» What you have to do:
Among the records below, find the line with "翡翠くり抜き甲丸リング A貨翡翠 jd_rg2524" and the line with "そのブロックからニョキニョキ". Set down both and every line between, exactly and with no pictures, but nothing else.

» Supplied material:
==========
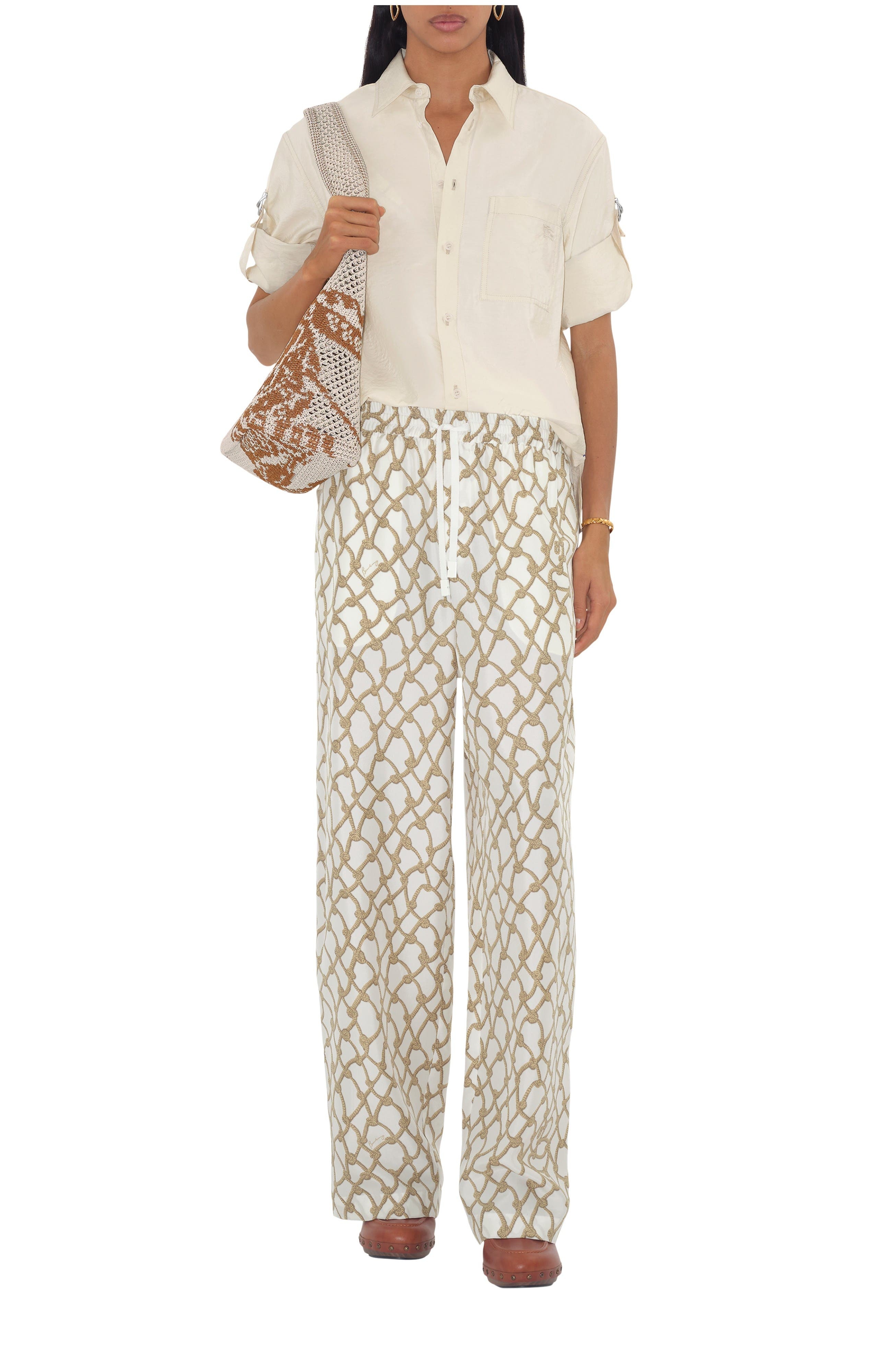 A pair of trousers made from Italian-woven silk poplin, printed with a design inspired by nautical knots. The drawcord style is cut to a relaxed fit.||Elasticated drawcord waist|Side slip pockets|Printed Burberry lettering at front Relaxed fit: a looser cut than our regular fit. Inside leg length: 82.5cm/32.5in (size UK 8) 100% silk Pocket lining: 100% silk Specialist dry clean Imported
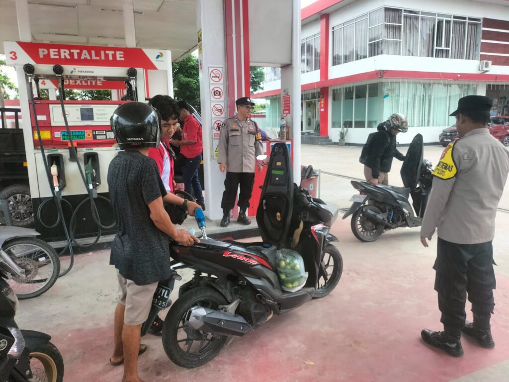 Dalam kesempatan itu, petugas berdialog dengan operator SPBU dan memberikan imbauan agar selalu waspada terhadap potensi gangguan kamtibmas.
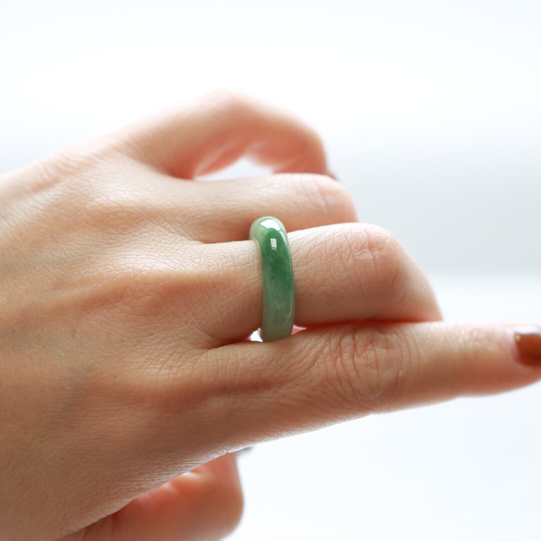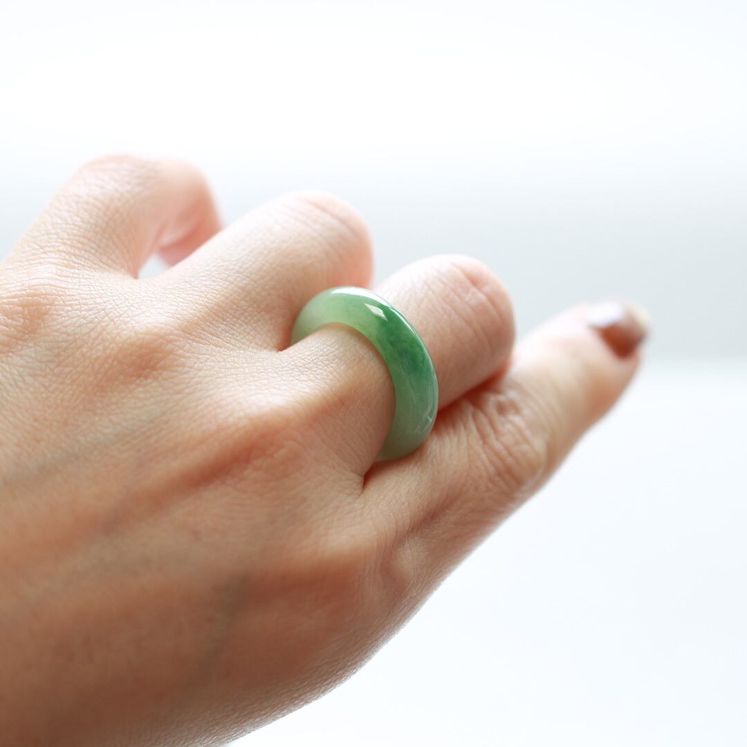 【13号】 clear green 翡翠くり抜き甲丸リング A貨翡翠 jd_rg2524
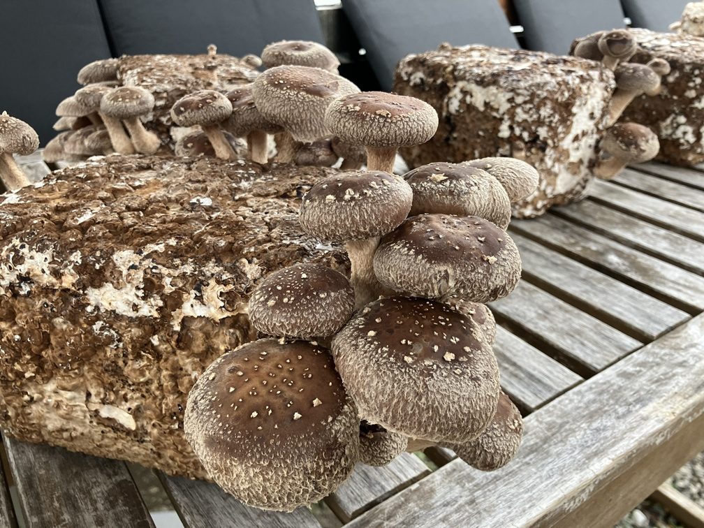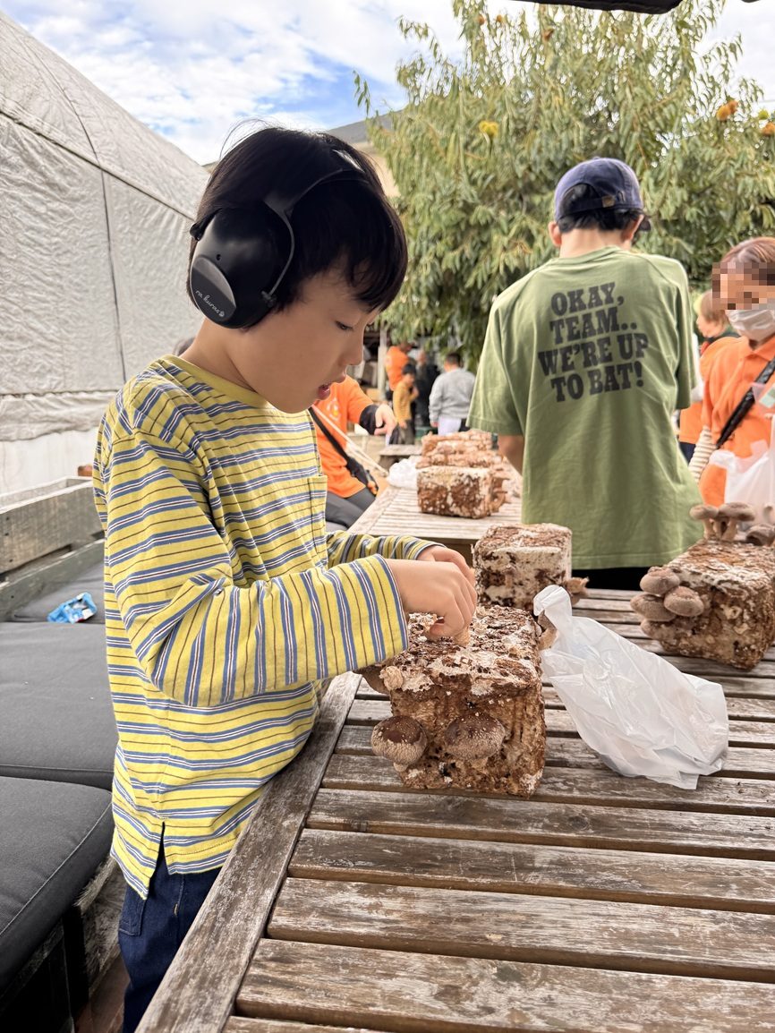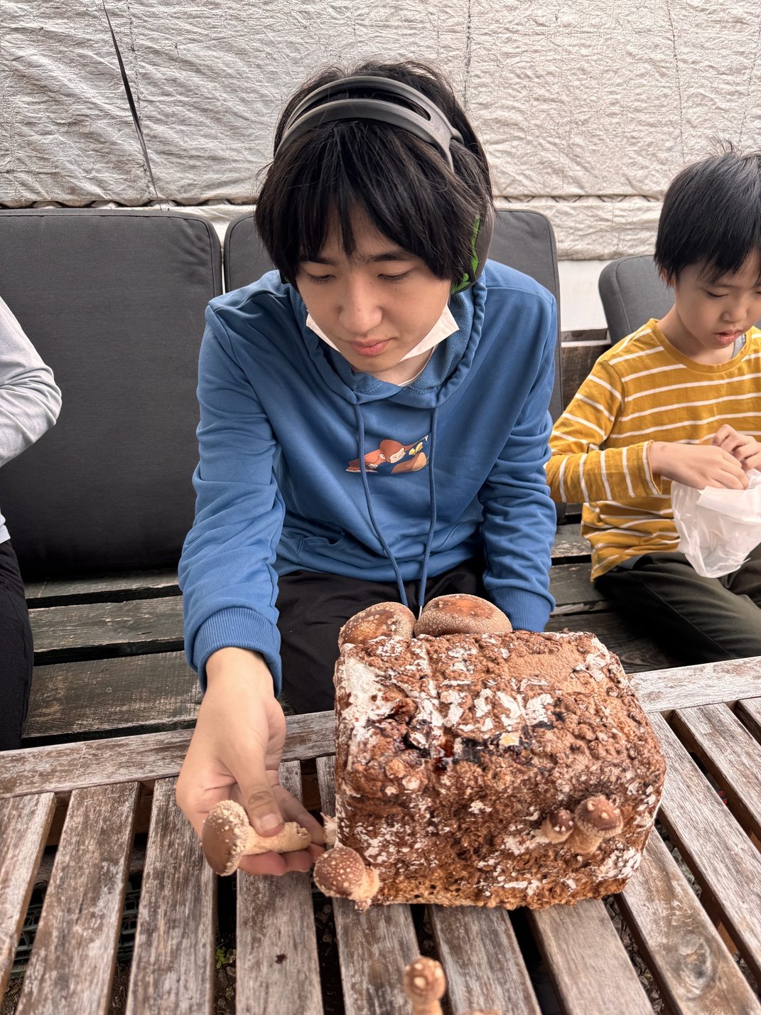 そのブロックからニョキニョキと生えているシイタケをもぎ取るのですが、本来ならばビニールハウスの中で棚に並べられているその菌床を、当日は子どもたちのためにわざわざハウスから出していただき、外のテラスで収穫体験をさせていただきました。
==========
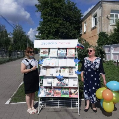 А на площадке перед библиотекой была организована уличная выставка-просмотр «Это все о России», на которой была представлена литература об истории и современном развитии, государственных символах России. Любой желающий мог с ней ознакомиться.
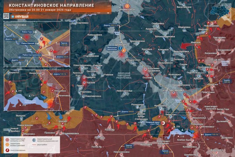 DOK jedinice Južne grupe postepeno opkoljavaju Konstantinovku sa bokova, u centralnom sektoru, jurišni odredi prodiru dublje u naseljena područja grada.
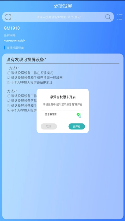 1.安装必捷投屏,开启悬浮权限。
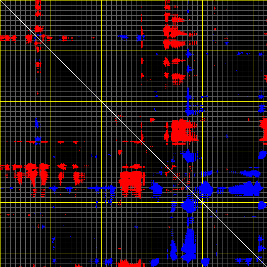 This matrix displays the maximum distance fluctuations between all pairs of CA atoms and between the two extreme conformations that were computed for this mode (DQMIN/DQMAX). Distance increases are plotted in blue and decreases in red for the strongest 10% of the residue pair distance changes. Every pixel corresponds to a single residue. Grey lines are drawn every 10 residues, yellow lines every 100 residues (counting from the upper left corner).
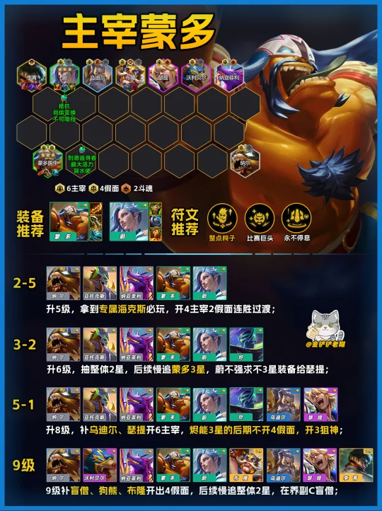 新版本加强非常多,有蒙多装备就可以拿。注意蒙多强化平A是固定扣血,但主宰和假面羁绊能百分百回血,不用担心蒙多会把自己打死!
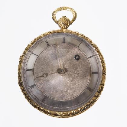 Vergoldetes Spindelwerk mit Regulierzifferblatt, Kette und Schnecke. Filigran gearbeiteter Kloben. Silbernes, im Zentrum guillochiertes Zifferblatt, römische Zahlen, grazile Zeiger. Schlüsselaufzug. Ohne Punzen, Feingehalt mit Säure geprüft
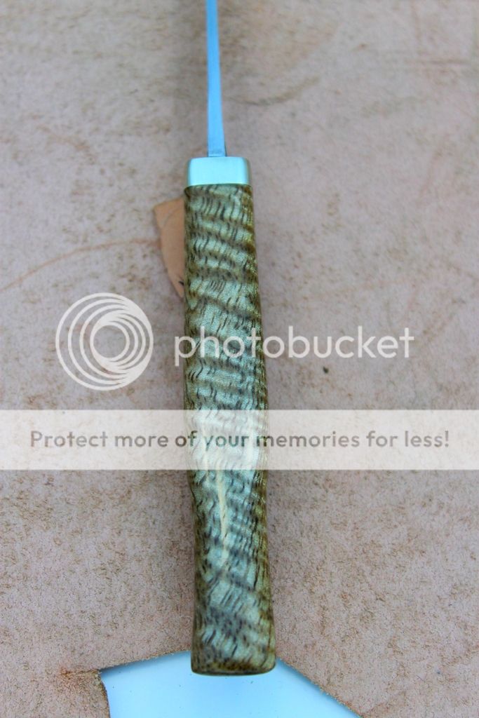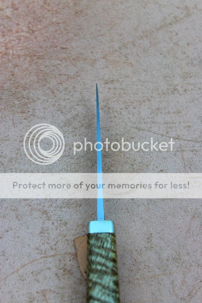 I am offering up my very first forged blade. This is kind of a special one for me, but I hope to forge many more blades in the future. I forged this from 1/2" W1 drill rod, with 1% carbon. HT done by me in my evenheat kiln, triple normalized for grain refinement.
==========
» Your solution:
 【13号】 clear green 翡翠くり抜き甲丸リング A貨翡翠 jd_rg2524
 そのブロックからニョキニョキと生えているシイタケをもぎ取るのですが、本来ならばビニールハウスの中で棚に並べられているその菌床を、当日は子どもたちのためにわざわざハウスから出していただき、外のテラスで収穫体験をさせていただきました。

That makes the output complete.